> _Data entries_
=-=-=

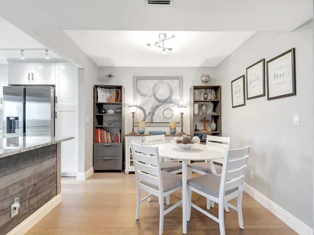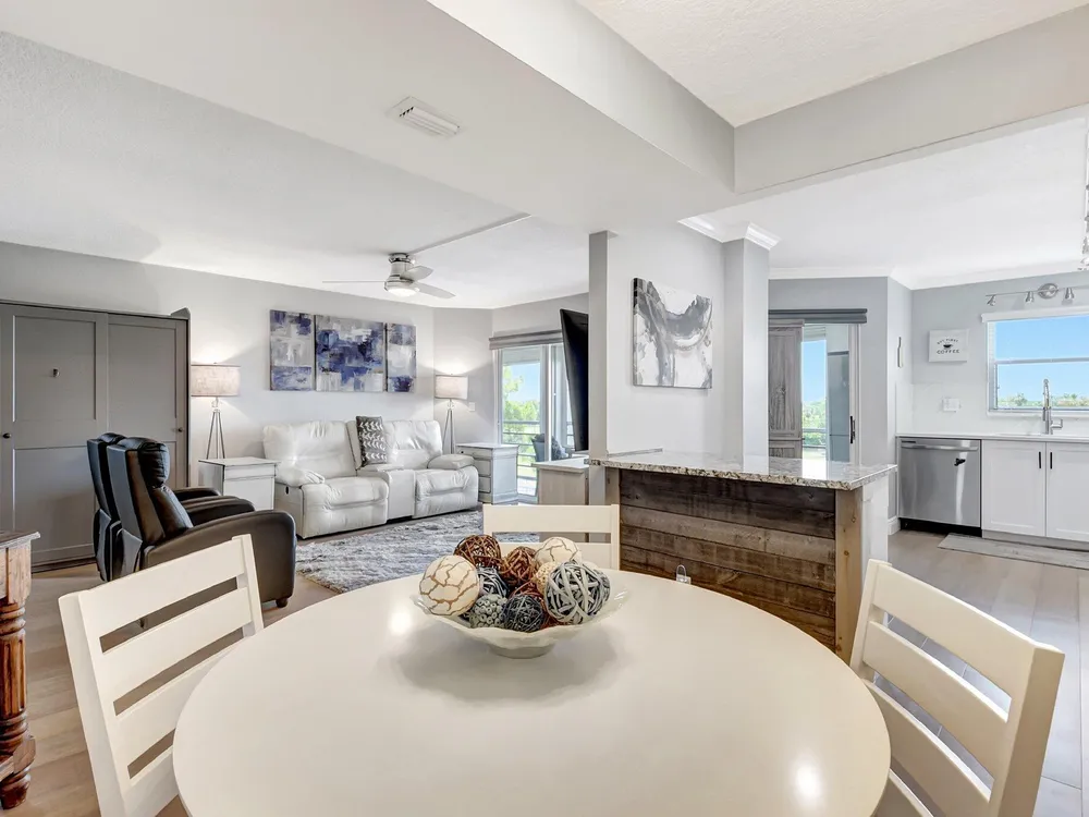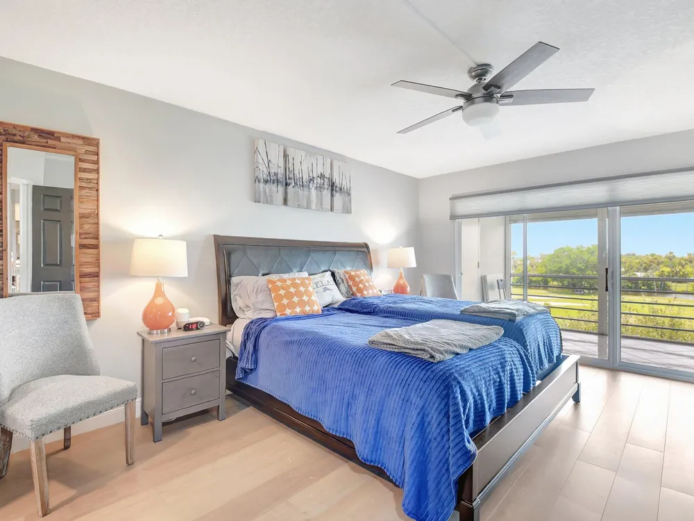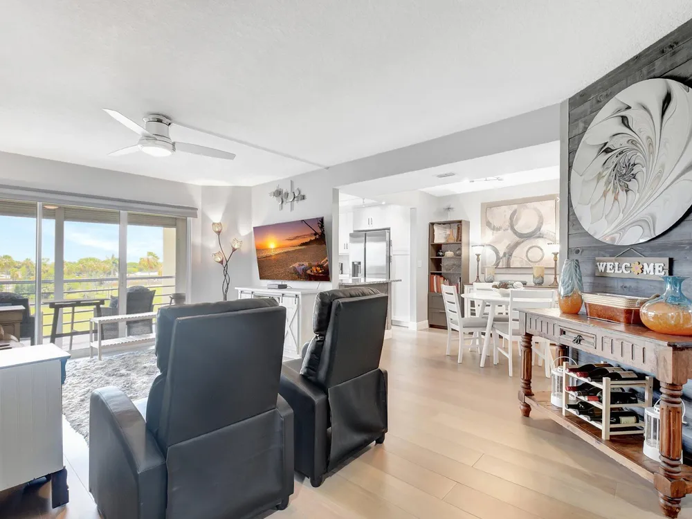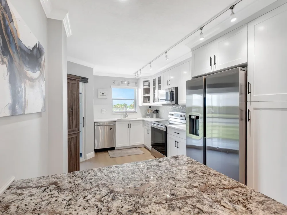 Golf course views with this lovely unit! Newer A/C, hot water heater, washer, dryer and disposal. New Bamboo floors, baths are tiled. New vanities and plumbing fixtures. New lighting, ceiling fans and wall mirrors. new doors, kitchen cabinets, countertops and backsplash. New peninsula between kitchen and dining. New window treatments throughout, Upgraded closet units in MBR.
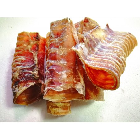 Grazie alla loro durezza riescono quasi a essere al pari delle op quali colli di tacchino, come imopegno necessario alla masticazione. Le trachee essiccate sono un validissimo premio per i nostri cani, cartilagine costituitra da un gel ricco di condriotisolfati. Prodotto naturale essiccato in forno non contiene additivi ne conservanti o coloranti.
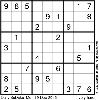 The Daily SuDoku: Mon 19-Dec-2016
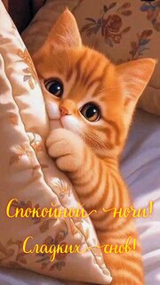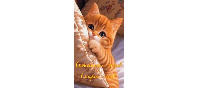 Котëнок лежит на подушке. Спокойной ночи! Сладких снов!
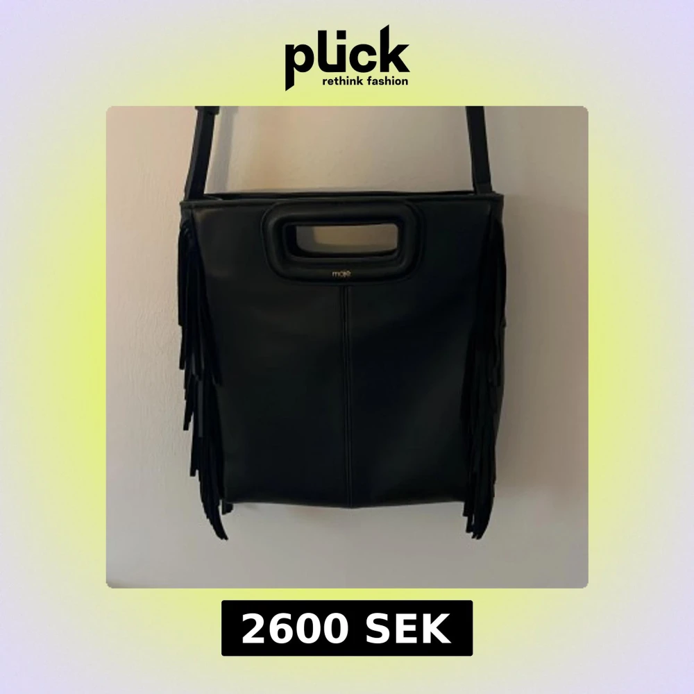 Cool svart axelväska från Maje i skinn med fransar längs sidorna och ett handtag upptill. Väskan har en stilren, fyrkantig form och justerbar axelrem. Väskan är i nytt skick och köpt på Majes butik i NK.
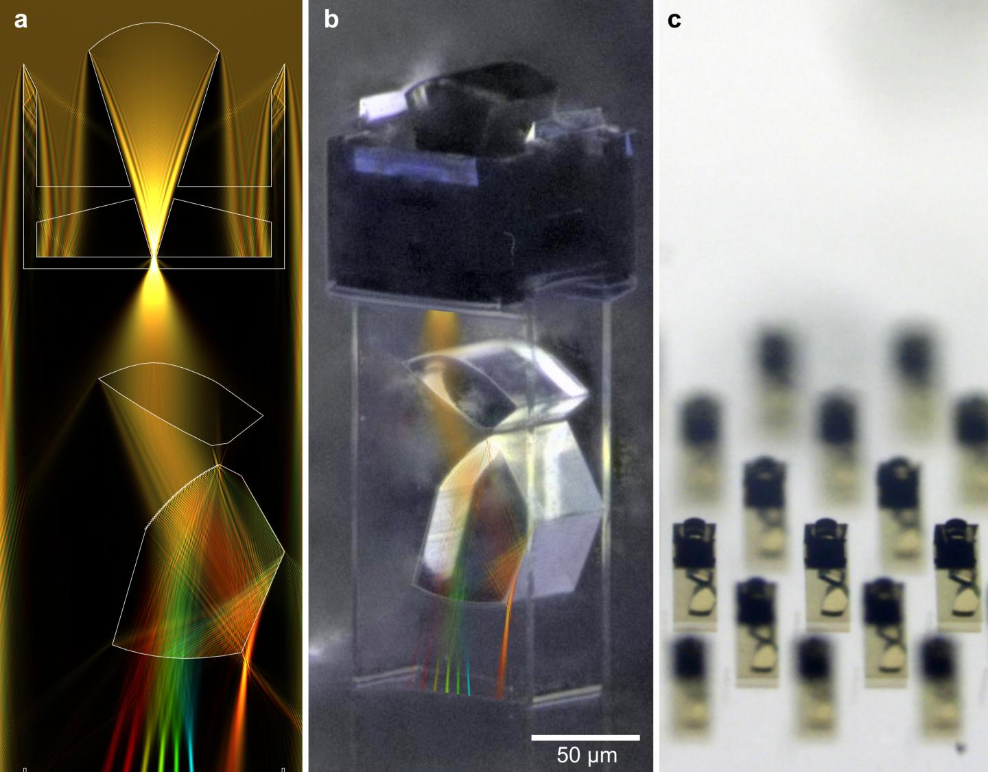 image: 3D-printed miniature spectrometer. a, wave-optical simulation of the spectrometer. b, microscope image of the fabricated spectrometer overlayed with the intensity distribution from a. c, array of fabricated spectrometers.
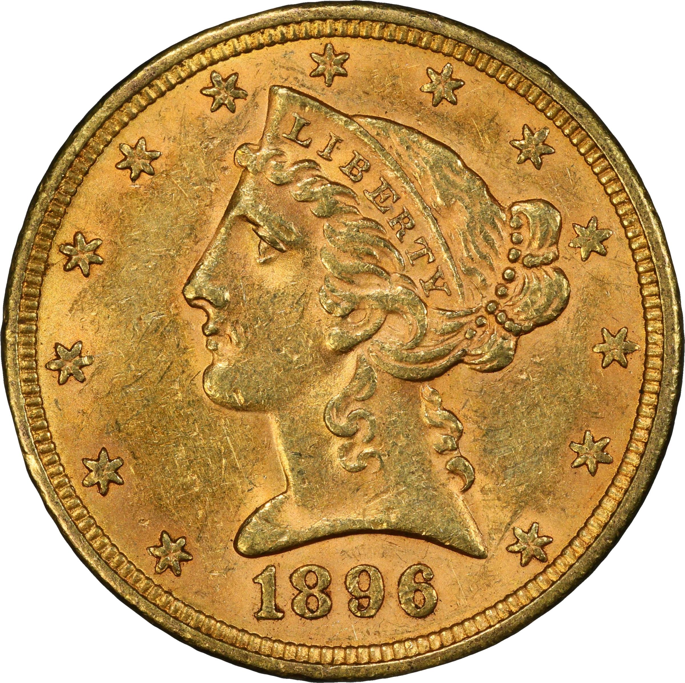 - Exceptional Mint State quality to represent this underrated condition rarity among 1890s half eagles. Sharply struck with bountiful mint luster, both sides exhibit vivid pinkish-apricot color that provides strong eye appeal. Despite a limited mintage of 58,960 circulation strikes, there are enough circulated and lower end Mint State coins extant for the 1896 half eagle to satisfy less discerning collectors. Definitely an underrated issue at the higher Mint State levels, this is one of our finest offerings for the issue in recent decades.
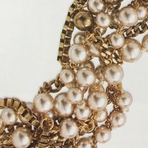Strands of hand knotted acrylic pearls and gold tone beads entwined with brass chain with gold plating. Clasp closure. Never worn with original box.
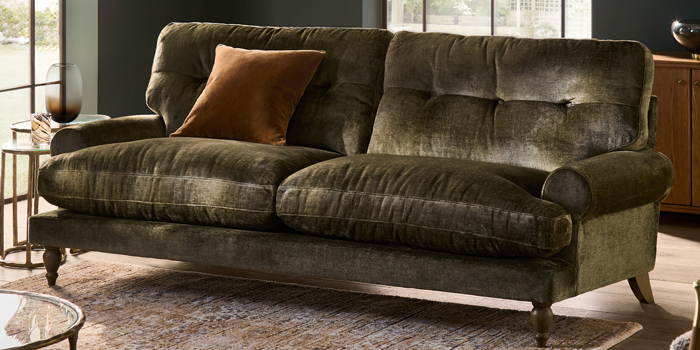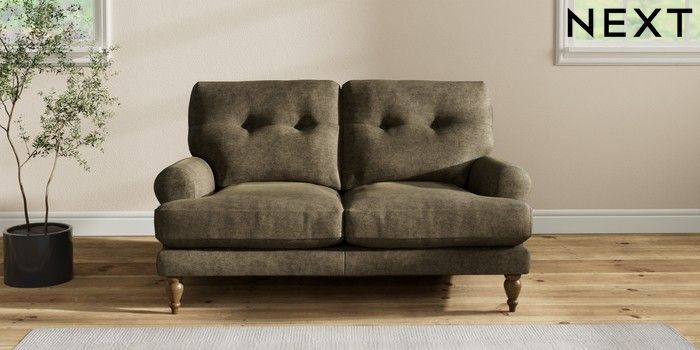 7.2.10 Erin Buttoned Back Deep Relaxed Sit 2 Seater Small Sofa Plush Chenille Moss Green High Classic Turned - Mid | Made Click here to use our website with more accessibility support, for example screen readers
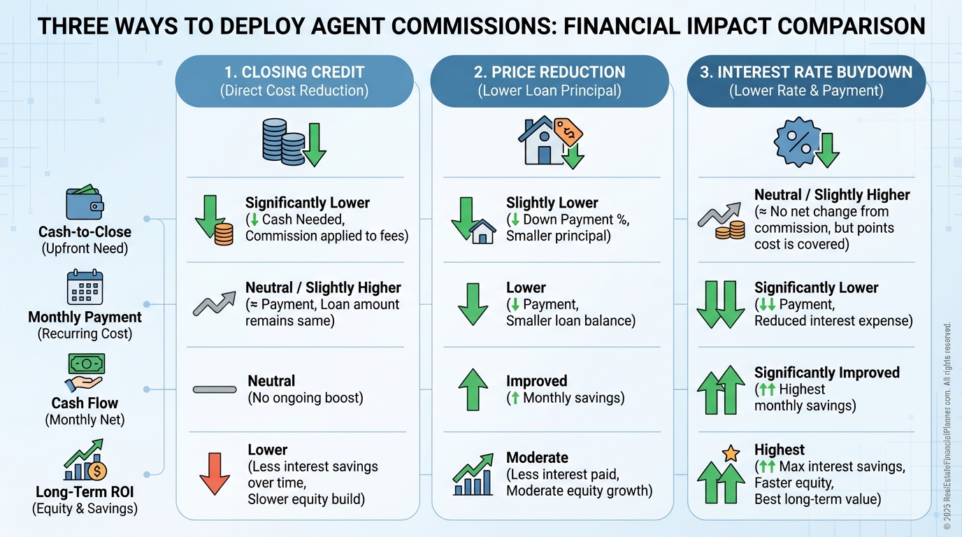 When I model this in The World’s Greatest Real Estate Deal Analysis Spreadsheet™, I compare three paths: take the commission as a closing credit, use it to reduce price, or buy down the rate.

=-=-=

> _EXERCISE_
Quote the data above exactly from the line with "The Daily SuDoku: Mon 19-Dec-2016" to the line with "Cool svart axelväska", both ends counted, and nothing else. Pictures don't go in.

> _ANSWER AREA_
 The Daily SuDoku: Mon 19-Dec-2016
 Котëнок лежит на подушке. Спокойной ночи! Сладких снов!
 Cool svart axelväska från Maje i skinn med fransar längs sidorna och ett handtag upptill. Väskan har en stilren, fyrkantig form och justerbar axelrem. Väskan är i nytt skick och köpt på Majes butik i NK.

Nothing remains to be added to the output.